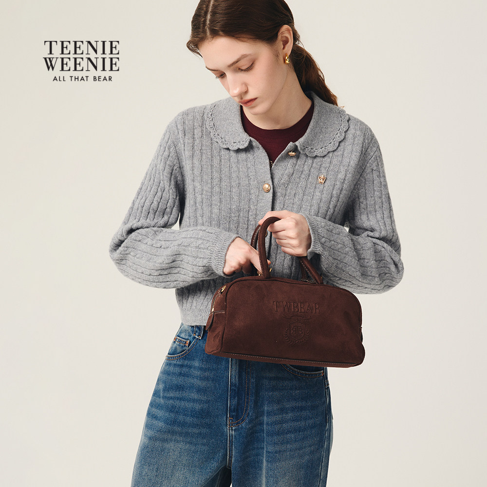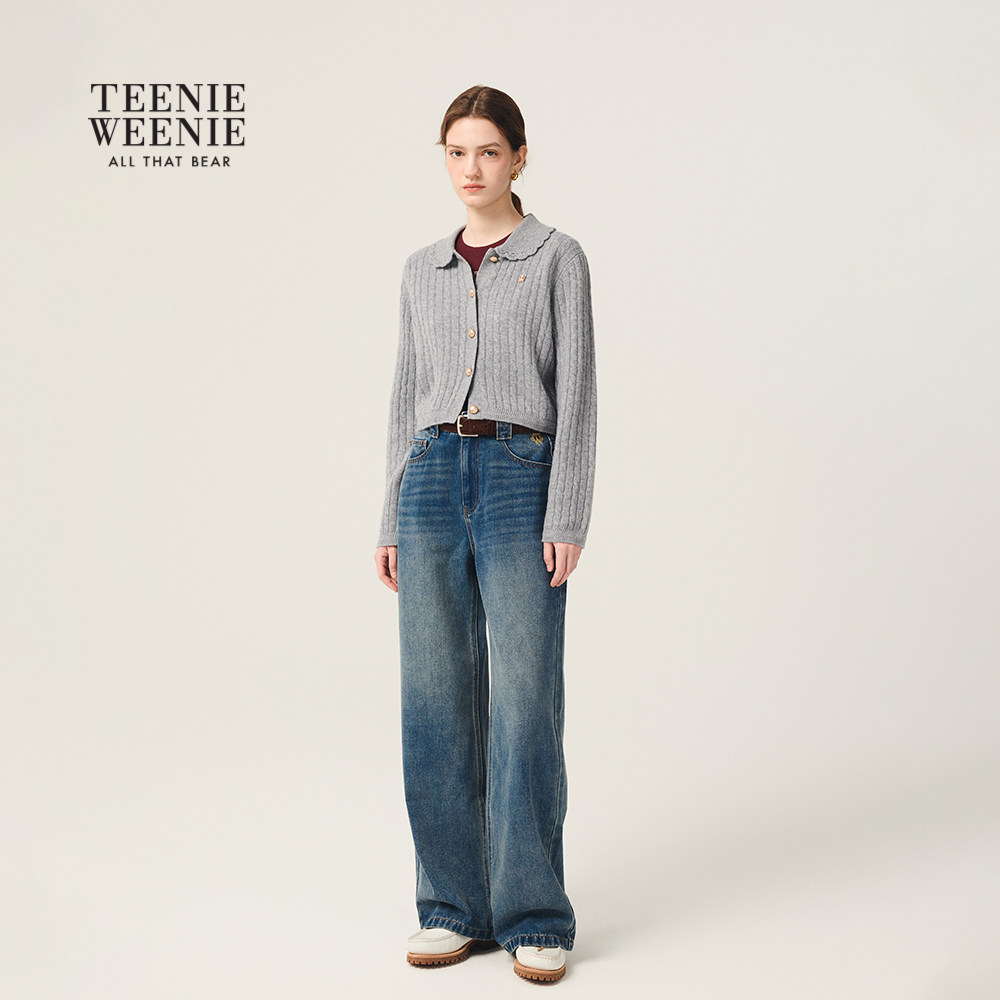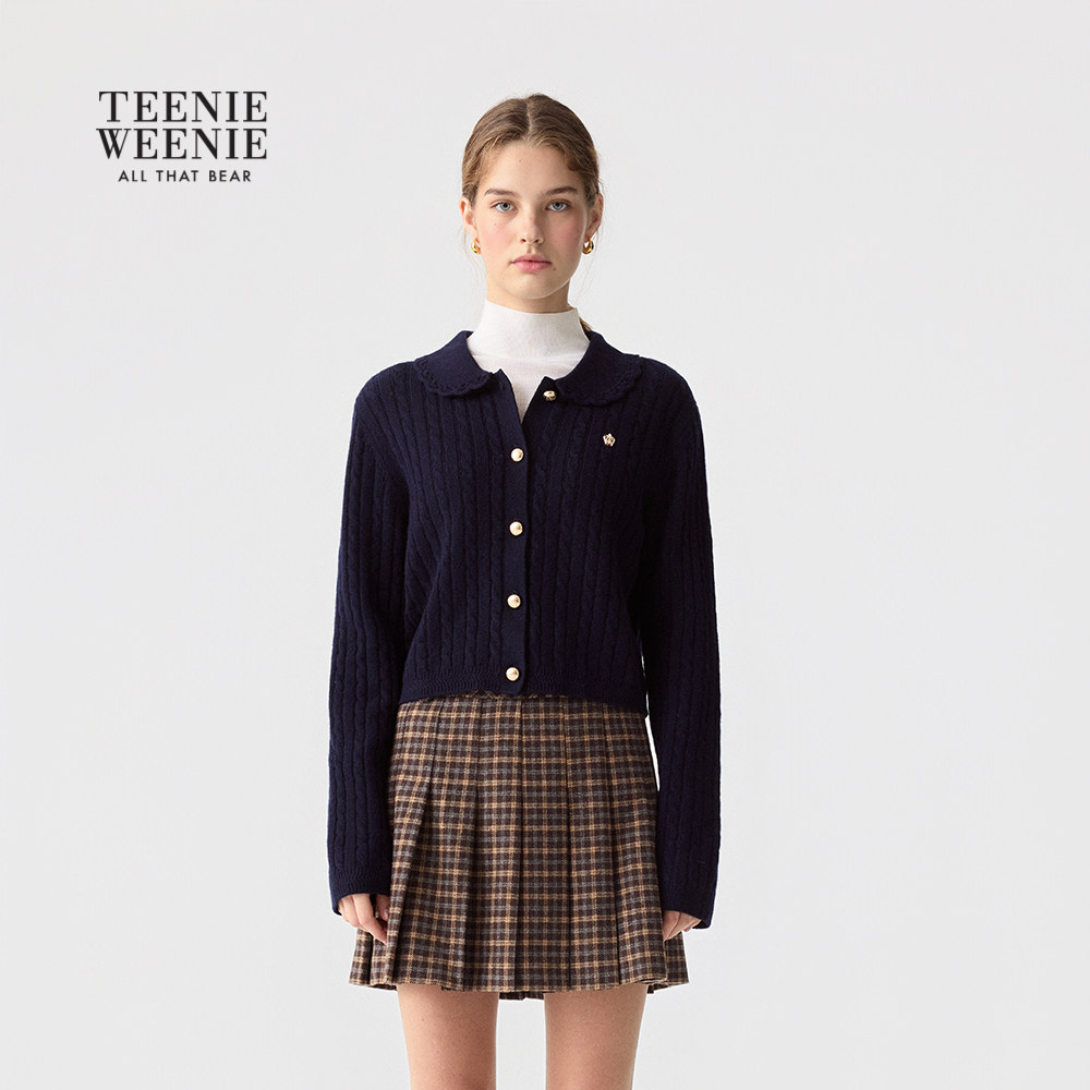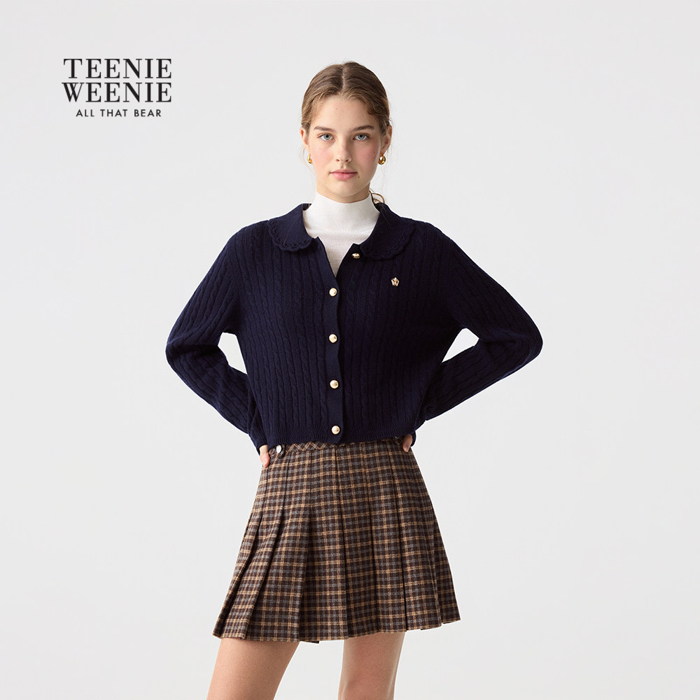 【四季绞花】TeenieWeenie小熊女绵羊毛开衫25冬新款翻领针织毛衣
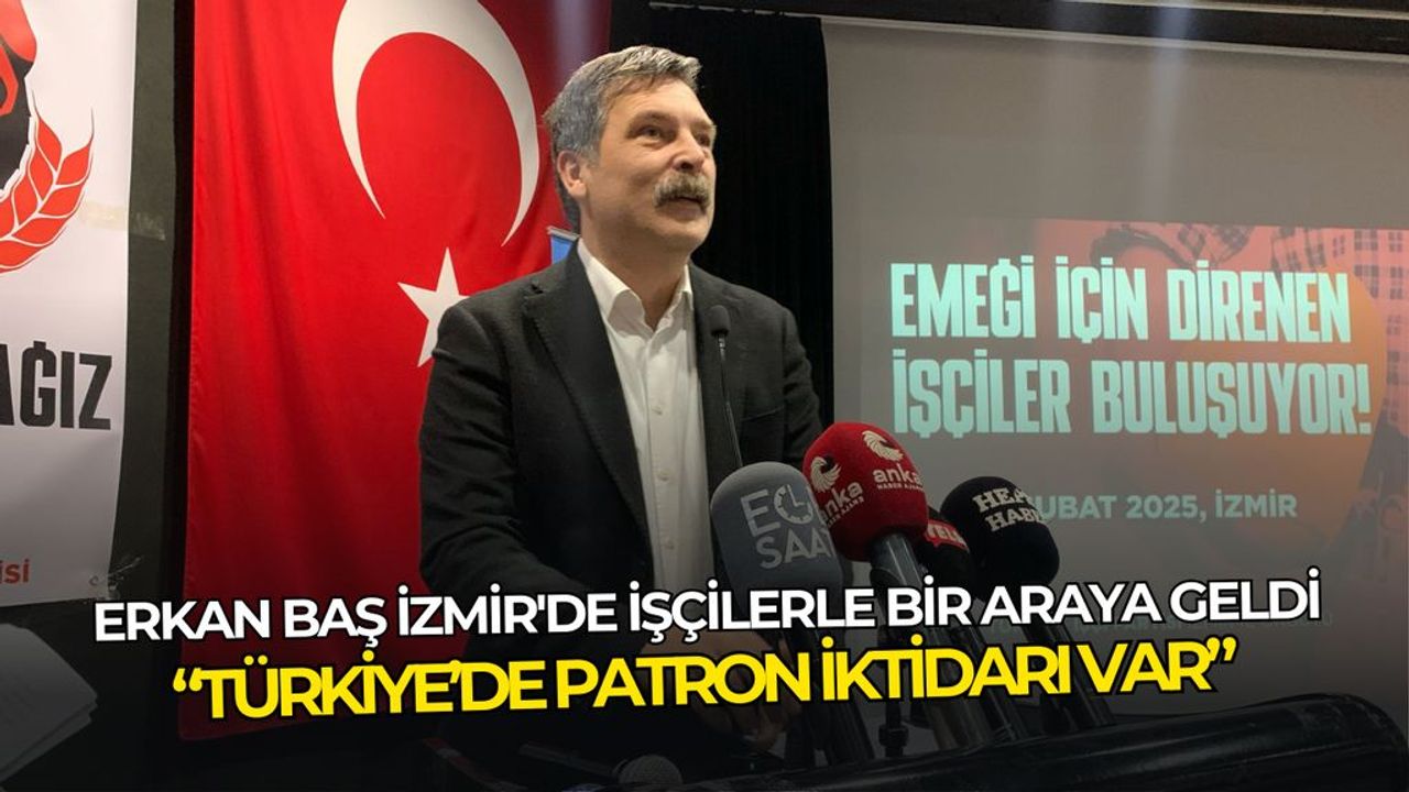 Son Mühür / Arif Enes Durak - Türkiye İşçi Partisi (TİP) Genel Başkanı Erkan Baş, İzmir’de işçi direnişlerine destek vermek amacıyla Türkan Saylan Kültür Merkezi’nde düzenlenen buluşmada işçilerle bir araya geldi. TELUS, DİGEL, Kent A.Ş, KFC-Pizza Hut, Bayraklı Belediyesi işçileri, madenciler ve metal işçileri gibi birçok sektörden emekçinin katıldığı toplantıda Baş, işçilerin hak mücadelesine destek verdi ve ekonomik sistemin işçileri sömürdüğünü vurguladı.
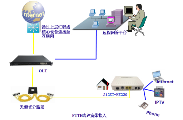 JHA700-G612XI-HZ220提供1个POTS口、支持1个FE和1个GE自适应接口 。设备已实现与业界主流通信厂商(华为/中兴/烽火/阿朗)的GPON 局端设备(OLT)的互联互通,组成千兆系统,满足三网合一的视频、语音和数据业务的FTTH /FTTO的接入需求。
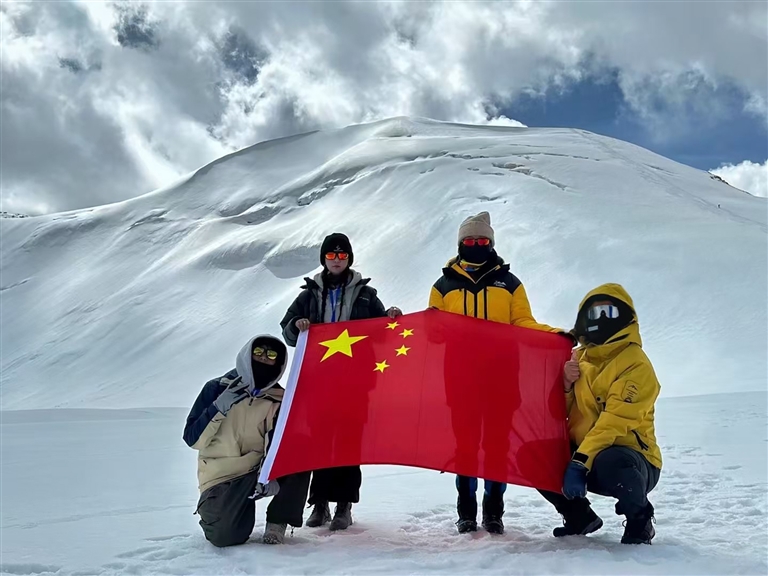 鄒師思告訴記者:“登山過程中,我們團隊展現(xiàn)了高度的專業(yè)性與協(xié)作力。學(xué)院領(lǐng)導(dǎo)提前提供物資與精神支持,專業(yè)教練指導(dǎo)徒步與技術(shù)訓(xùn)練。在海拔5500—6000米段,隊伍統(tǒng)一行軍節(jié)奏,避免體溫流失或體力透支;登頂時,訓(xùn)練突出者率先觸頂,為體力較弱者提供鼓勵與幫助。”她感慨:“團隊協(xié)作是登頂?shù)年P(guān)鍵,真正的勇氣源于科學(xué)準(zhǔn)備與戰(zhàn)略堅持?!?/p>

+++++

Required work - Produce a word-for-word version of the material, with no pictures included.

Response -
 【四季绞花】TeenieWeenie小熊女绵羊毛开衫25冬新款翻领针织毛衣
 Son Mühür / Arif Enes Durak - Türkiye İşçi Partisi (TİP) Genel Başkanı Erkan Baş, İzmir’de işçi direnişlerine destek vermek amacıyla Türkan Saylan Kültür Merkezi’nde düzenlenen buluşmada işçilerle bir araya geldi. TELUS, DİGEL, Kent A.Ş, KFC-Pizza Hut, Bayraklı Belediyesi işçileri, madenciler ve metal işçileri gibi birçok sektörden emekçinin katıldığı toplantıda Baş, işçilerin hak mücadelesine destek verdi ve ekonomik sistemin işçileri sömürdüğünü vurguladı.
 JHA700-G612XI-HZ220提供1个POTS口、支持1个FE和1个GE自适应接口 。设备已实现与业界主流通信厂商(华为/中兴/烽火/阿朗)的GPON 局端设备(OLT)的互联互通,组成千兆系统,满足三网合一的视频、语音和数据业务的FTTH /FTTO的接入需求。
 鄒師思告訴記者:“登山過程中,我們團隊展現(xiàn)了高度的專業(yè)性與協(xié)作力。學(xué)院領(lǐng)導(dǎo)提前提供物資與精神支持,專業(yè)教練指導(dǎo)徒步與技術(shù)訓(xùn)練。在海拔5500—6000米段,隊伍統(tǒng)一行軍節(jié)奏,避免體溫流失或體力透支;登頂時,訓(xùn)練突出者率先觸頂,為體力較弱者提供鼓勵與幫助。”她感慨:“團隊協(xié)作是登頂?shù)年P(guān)鍵,真正的勇氣源于科學(xué)準(zhǔn)備與戰(zhàn)略堅持?!?/p>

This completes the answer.